Texas regulators adopt new measures to cut gas flaring

Jordan Smith
By Jordan Smith January 27th, 2021
For business

Gas flaring permits could become more difficult to obtain for providers.

Gas flaring in Texas may become more difficult due to new measures adopted by the Railroad Commission, which regulates oil and gas companies. A new application procedure for flaring permits could cut the length of time they are valid by between 50 and 80 percent. It would also ask producers to supply more information to justify the need to flare gas.

The changes alter the application process for a flaring permit, not the flaring rule itself. The RRC said these changes will provide incentives to companies that flare less gas. It will also enable the collection of more data to ease audits of flaring practices.

RRC chairman Christi Craddock believes the new procedures are “a great step forward for the energy industry in Texas.”

Fellow commissioner Wayne Christian added, “Texas has done a tremendous job reducing flaring this year, flaring less than a half a percent of gas produced in May 2020. This form change is a big and important step towards minimizing routine flaring in Texas, allowing our agency to collect the information it needs to better determine who is following the rules when it comes to flaring and who is not.”

Do the changes go far enough?

The new application procedures are unlikely to satisfy critics. Many have long attacked the RRC for approving almost every flaring request. Flaring in the Permian Basin reached all-time highs before the pandemic.

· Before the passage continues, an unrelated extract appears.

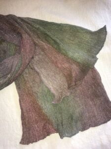A sneak peek at Peg’s dyed shawl which will be at the Art for the Home, Body and Soul annual sale at the Guild House.

The economic slowdown triggered by COVID-19 produced a temporary decline in flaring levels. Christian’s reference to the low level of gas flared in May was related to the impact of initial lockdown measures. The pandemic lockdowns sharply reduced the amount of activity in the Permian.

Colin Leyden, director of regulatory and legislative affairs at the Environmental Defense Fund, described the proposals as “largely empty measures advanced by an oil and gas trade group.” Leyden criticized the RRC as a “rubber stamp” for flaring requests made by producers. He explained that the RRC has approved 35,000 flaring permits since 2013 with no rejections.

“The commission’s new proposal aims to collect better data and offers guidelines and time limits for initial flaring permits,” Leyden wrote in August. “Notably, it does not stop companies coming back for endless extensions, as they do now. This wouldn’t be a bad starting point for a comprehensive plan. Unfortunately, it seems to be where the effort is stopping.”

Do regulators efficiently measure gas flaring?

Another criticism of the RRC is that it fails to account for the amount of gas released into the atmosphere. If true, reducing official flaring levels may have little impact on the amount of methane and other harmful substances released into the air.

According to atmospheric scientist Gunnar Schade at Texas A&M University, the comparison of RRC data alongside data gathered from satellite imaging between 2012 and 2015 revealed that twice as much gas was released into the atmosphere as the regulator’s records suggested.

“These large differences may be explained by reporting errors and by several flare operations that are simply exempted from volume reporting,” wrote Schade. “But we suspect that there is an even more systemic, mundane explanation: venting – the direct release of raw gas to the atmosphere.”

Venting gas is even more harmful than gas flaring because it “emits hydrocarbons, including air toxins such as benzene that can cause cancer, birth defects or other serious health problems,” Schade added. Additionally, the release of raw methane into the atmosphere accelerates global warming faster than carbon dioxide produced from flared gas.

Do oil companies have what it takes to stop flaring?

Large investors in the energy sector believe oil companies can do more to tackle gas flaring. Alliance Bernstein, California State Teachers Retirement System, and Legal General Investment Management manage over $2 trillion in investments combined. These investors have called on energy firms to commit to banning flaring from their onshore operations by 2025.

While ending gas flaring is possible, it would be difficult. Energy providers often have a financial incentive to burn off extra gas when the pipeline capacity cannot transport it to market. What’s more, gas prices and transportation costs make flaring economically attractive.

“Actions of leading operators demonstrate the financial and technical viability of ending routine flaring,” the investors note in a letter sent to the RRC. “It is clear, however, that voluntary actions alone have been insufficient to eliminate routine flaring industry-wide.”

The investors also argue that the RRC’s new regulations fail to go far enough. “Strong and effective regulatory action — beyond initial steps to improve data gathering and transparency — is essential to build stakeholder confidence and solve this challenge across the industry,” they wrote.

 

Jordan Smith is a freelance journalist and translator covering issues related to energy, the environment, and politics. His work has appeared on the independent news site Opposing Views and at the Canadian Labour Institute.